Cal-eave? Group Petitions to Have California Secession Question Appear on Ballot in 2018
On the heels of Brexit, is Cal-eave next? If one group gets its way, Californians will have a chance to weigh in two years from now.
The Sacramento Bee reports that a group called Yes California has filed a proposed ballot measure with the state Attorney General in the hopes of having the question put to a vote in November 2018.
If voters approve the measure, a special election would then take place in March 2019, in which more than 55 percent of the electorate must vote to secede in order for the process to begin.
“We always thought that if we just connected with the people who thought about this, but didn’t tell their friends and family because they would be seen as kooky and weird, that the quiet population would become vocal,” Yes California’s vice president Marcus Evans told the Bee. “If you don’t want to support our suggestion, that’s fine. Let’s just have the conversation and discuss the facts.”

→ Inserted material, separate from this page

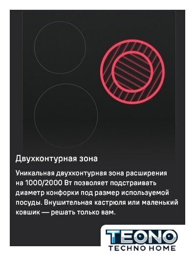 Подробная информация о конфорках | 1800, 1200, 2000/1000 Вт |

Daniel Farber, a law professor at U.C. Berkeley, claims that even if Californians voted to secede, it still wouldn’t actually happen because two-thirds of Congress and three-quarters of the states must also approve.

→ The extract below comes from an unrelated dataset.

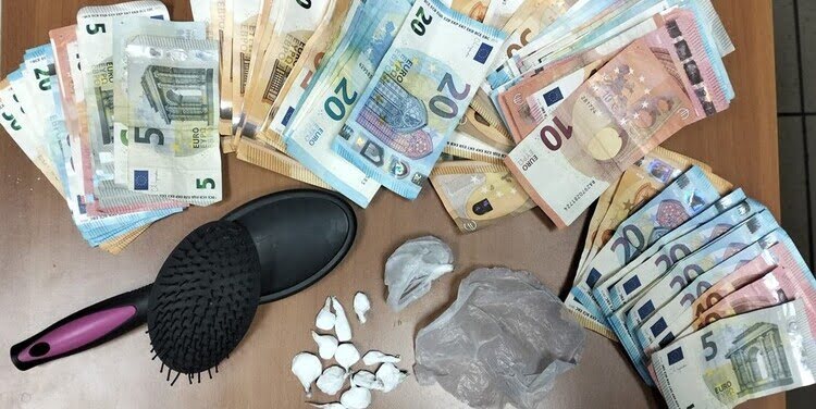 Durante la perquisizione, i Falchi hanno rinvenuto 12 dosi di cocaina nascoste all’interno di una comune spazzola in plastica, oltre a 3.500 euro in contanti trovati nella camera da letto, ritenuti verosimilmente provento dell’attività di spaccio.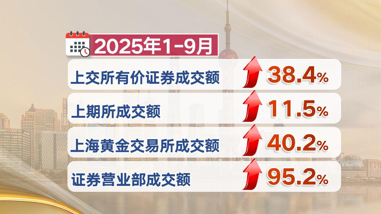 金融业无疑是第三产业的亮点之一。前三季度,上交所有价证券成交额增长近四成,上期所成交额增长超11%,上海黄金交易所成交额增长超4成。股市方面的交易尤为活跃。前三季度上海市证券营业部成交额同比几乎翻了个倍。

“I don’t think it gets to the point where we have to worry about those details and how to make it work,” Farber said. “Many of us have had that thought from time to time, but in the end it’s not really a feasible option as far as I can see.”
But that isn’t stopping Yes California’s leaders, including president Louis J. Marinelli — who says he wants to go around Congress and appeal directly to the United Nations.
“We’re not ashamed about going around Washington to achieve it,” Marinelli said. “Congress can’t tie its shoes. We can wait our whole life while Congress tries to grapple with this, and they won’t do anything.”